An obvious question for any innovation team is whether to start by thinking about a particular group of customers or market – and how to solve a problem they have or deliver a service that they need – or whether to think about existing products, services and skills and how to improve them, exploit them or develop them. Theorists tend to prefer the former, but plenty of great innovations come out of companies finding new applications for existing technologies. (Think of classic innovations like 3M and Post-It Notes or NASA and Teflon).
Starting with the customer and the needs of the market, or starting with existing products and knowledge and capabilities, may lead to very different innovative outcomes. While the Project Red Stripe team actively solicited ideas about what they should do, they did not solicit ideas about the group(s) for whom they should implement those ideas. Should they have invited an archbishop, an aid worker, a genetic researcher and others to pitch for a particular target market? I doubt it. But, for me, there was a noticeable change of temperature when they stopped discussing their ideas in a vacuum and began to consider whom they would benefit and how.

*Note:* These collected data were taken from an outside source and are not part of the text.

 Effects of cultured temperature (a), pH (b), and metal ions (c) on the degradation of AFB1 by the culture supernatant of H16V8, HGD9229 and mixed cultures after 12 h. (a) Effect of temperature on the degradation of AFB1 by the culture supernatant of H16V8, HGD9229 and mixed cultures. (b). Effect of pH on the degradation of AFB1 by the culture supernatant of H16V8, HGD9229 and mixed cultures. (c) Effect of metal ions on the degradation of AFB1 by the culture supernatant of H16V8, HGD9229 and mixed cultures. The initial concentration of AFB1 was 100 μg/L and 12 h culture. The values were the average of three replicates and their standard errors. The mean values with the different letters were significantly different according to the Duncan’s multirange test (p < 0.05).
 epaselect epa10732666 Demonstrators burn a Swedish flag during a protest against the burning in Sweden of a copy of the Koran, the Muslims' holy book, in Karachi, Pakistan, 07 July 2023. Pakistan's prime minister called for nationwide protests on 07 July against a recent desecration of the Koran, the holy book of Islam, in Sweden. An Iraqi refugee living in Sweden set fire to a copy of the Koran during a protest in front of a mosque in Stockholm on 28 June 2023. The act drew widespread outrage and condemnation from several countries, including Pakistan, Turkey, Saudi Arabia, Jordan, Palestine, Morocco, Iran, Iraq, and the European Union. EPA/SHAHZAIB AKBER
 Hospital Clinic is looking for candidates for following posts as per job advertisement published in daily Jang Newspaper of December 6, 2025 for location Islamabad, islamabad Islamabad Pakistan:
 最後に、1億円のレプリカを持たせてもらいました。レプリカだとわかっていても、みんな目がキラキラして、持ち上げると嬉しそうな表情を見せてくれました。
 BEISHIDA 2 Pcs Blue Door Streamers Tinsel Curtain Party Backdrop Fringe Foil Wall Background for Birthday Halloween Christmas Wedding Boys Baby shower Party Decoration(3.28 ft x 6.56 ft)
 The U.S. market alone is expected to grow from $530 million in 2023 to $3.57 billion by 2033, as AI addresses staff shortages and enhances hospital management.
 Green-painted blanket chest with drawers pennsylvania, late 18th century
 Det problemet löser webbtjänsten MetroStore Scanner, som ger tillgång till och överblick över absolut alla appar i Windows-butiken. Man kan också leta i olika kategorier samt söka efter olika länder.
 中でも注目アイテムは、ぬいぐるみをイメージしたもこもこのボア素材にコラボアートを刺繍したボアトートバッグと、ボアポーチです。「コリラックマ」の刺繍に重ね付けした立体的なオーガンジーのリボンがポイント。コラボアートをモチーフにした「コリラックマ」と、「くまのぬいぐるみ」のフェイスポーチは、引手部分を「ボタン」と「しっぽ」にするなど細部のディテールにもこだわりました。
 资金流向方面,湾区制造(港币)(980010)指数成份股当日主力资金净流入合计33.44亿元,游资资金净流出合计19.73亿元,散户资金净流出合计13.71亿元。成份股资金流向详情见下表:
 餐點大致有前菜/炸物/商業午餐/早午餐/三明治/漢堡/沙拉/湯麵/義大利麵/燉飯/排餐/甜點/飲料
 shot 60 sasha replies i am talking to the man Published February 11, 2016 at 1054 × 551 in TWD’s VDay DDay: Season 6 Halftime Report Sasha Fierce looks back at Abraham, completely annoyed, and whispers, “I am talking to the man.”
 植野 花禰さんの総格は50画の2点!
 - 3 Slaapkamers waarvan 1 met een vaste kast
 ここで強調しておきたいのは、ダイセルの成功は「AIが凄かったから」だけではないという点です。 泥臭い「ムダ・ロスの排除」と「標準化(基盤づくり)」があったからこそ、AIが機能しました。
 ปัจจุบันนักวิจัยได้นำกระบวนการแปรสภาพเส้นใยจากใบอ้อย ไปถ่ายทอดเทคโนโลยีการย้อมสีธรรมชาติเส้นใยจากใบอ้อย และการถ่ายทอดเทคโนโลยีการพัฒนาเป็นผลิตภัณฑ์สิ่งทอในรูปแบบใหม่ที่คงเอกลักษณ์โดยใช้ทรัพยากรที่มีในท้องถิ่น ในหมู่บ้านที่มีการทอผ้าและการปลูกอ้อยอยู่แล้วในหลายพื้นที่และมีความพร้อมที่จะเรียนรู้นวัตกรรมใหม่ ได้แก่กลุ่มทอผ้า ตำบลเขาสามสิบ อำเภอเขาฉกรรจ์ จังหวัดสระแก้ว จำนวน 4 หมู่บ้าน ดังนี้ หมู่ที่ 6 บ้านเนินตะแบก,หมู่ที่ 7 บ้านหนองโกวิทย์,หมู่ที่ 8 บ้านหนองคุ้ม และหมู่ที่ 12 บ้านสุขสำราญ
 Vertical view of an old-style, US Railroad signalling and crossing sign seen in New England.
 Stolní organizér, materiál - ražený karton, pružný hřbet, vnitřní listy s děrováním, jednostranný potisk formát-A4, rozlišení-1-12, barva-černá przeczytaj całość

In any case, it’s possible to end up with a market that you cannot hope to serve, or an idea that nobody wants. Or, as one facilitator said to the team, ‘although there may be a gap in the market, the key is whether there’s a market in the gap.’
A deserving market may be motivational, even inspirational. But it doesn’t necessarily make for good business – as we can deduce from observing the investment priorities of any large pharmaceutical company. The team may need guidelines for how to value a commercial priority against an ethical one in business. In the same vein, if you’re going to wheel in technological experts or financial consultants, should you also wheel in archbishops and others to help you decide which market is the most deserving?
Early on, the Project Red Stripe team had decided to eschew ‘incremental’ improvements, largely on the grounds that The Economist would do them anyway. They were looking for something more exciting, more visionary, further over the horizon.
This is tempting thinking. But experience suggests that, while some great innovations, like the motor car or the telephone or the World Wide Web, look like quantum leaps, they were actually achieved by slowly and painstakingly building on existing knowledge and technologies.
It may be wise for an innovation team to remember that quantum leaps are actually composed of myriad incremental improvements.
The Economist’s Project Red Stripe succeeded in that it came up with a number of radical and innovative business proposals. It failed in that the company chose not to commercialise any of them at the time. It also succeeded in that it offered the business powerful learnings about its culture and about future innovation projects - just a few of which are shared here and may provide food for thought for other innovation teams around the globe.
[i] A. Carey, Inside Project Red Stripe (Axminster: Triarchy Press, 2008).
[ii] J. Surowiecki, The Wisdom of Crowds (New York: Random House, 2005).
[iii] C. Christensen, The Innovator’s Dilemma (New York: HarperCollins, 2000).
[iv] H. Chesbrough, Open Innovation (Boston, MA: Harvard Business School Press, 2003).
[v] A. De Geus, The Living Company (London: Nicholas Brealey Publishing, 1999).
[vi] J. Rae, “The Keys to High-Impact Innovation,” Business Week, Sept. 27, 2005.
[vii] J. Habermas, The Theory of Communicative Action (London: Beacon Press, 1981).
[viii] P. Clarkson, The Achilles Syndrome: Overcoming the Secret Fear of Failure (Shaftesbury: Element Books, 1994).